İçeriğe Devam EtPastırmalı Karidesli ve Çedarlı Kinoa
Verim: 4 porsiyon Hazırlık süresi: 5 dakika Pişme süresi: 15 dakika Toplam süre: 20 dakikaPastırmalı karidesli ve kaşarlı kinoa, hafta içi akşamları için mükemmel bir yemektir; 20 dakikadan kısa sürede hazır!
İçindekiler
- 1 su bardağı kinoa
- 1 1/2 su bardağı tavuk suyu
- 2 dilim kalın kesilmiş domuz pastırması*
- 1/4 çay kaşığı kırmızı pul biber
- 2 diş sarımsak, kıyılmış
- 16 orta boy çiğ karides, soyulmuş ve kılçıkları ayıklanmış
- 2 çay kaşığı limon suyu
- 2 yeşil soğan, dilimlenmiş
- 1/2 su bardağı rendelenmiş çedar peyniri
- Tuz ve karabiber, tadına bakmak için
Talimatlar
- Orta boy bir tencerede kinoa ve et suyunu karıştırın ve orta-yüksek ateşte kaynatın. Ateşi kısın, üzerini kapatın ve 10-12 dakika veya tüm et suyu emilene kadar pişirin. Ateşten alın.
- Bu arada, pastırmayı bir tavada orta-yüksek ateşte gevrekleşene kadar pişirin. Tavadan alın, parçalayın ve bir kenara koyun.
- Tavanın ısısını düşürün, pastırma yağına kırmızı pul biber ve kıyılmış sarımsak ekleyin ve sarımsak yumuşayana kadar yaklaşık 3 dakika pişirin. Karidesleri ekleyin ve pembe ve opak olana kadar yaklaşık 3 dakika pişirin. Ateşten alın, limon suyunu karıştırın.
- Kinoaya kaşar, tuz ve karabiber ekleyin ve tüm peynir eriyene kadar karıştırın.
- Kinoanın yarısını bir kaseye koyun, üzerine karides ve sosun yarısını ekleyin ve yeşil soğanın yarısını ve ufalanmış pastırmayı üzerine serpin.
Notlar
*Not: Kalın kesilmiş pastırma en iyi seçimdir çünkü kalan malzemeleri sotelemek için yeterli pastırma yağı sağlar, ancak normal pastırma da işe yarar.
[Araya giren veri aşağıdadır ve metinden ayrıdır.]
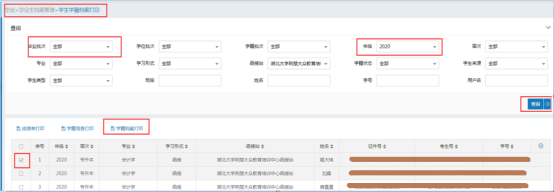 2、“毕业批次”选择“全部”,“学位批次”选择“全部”,“学籍批次”和“年级”选择需要打印的年级(2020年3月入学新生即选择“2020”),勾选需要打印《新生入学登记表》的学生点击“学籍档案打印”。(图2)
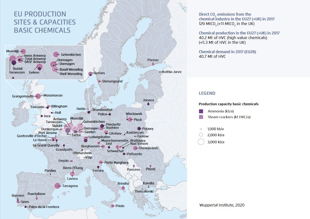 2/ Ammonia (NH3) is produced at a few dozen sights in Europe and responsible for 1/5 (24 MtCO2) of the CO2 emissions of the EU chemical industry. Ammonia is used for many different products of the chemical industry, but the vast majority goes into the production of fertilizers.

Sadece iki yerine üç dilim kullanın.
Beslenme Bilgileri:
Verim: 4 Porsiyon Boyutu: 1 porsiyonPorsiyon Başına Miktar: Kalori: 169 Toplam Yağ: 8g Doymuş Yağ: 4g Trans Yağ: 0g Doymamış Yağ: 4g Kolesterol: 52mg Sodyum: 755mg Karbonhidrat: 12g Lif: 2g Şeker: 1g Protein: 11g
Wholefully olarak, iyi beslenmenin beslenme bilgileri panelindeki rakamlardan çok daha fazlası olduğuna inanıyoruz. Lütfen yukarıdaki bilgileri, hangi gıdaların sizin için besleyici olduğuna karar vermenize yardımcı olacak şeylerin yalnızca küçük bir parçası olarak kullanın.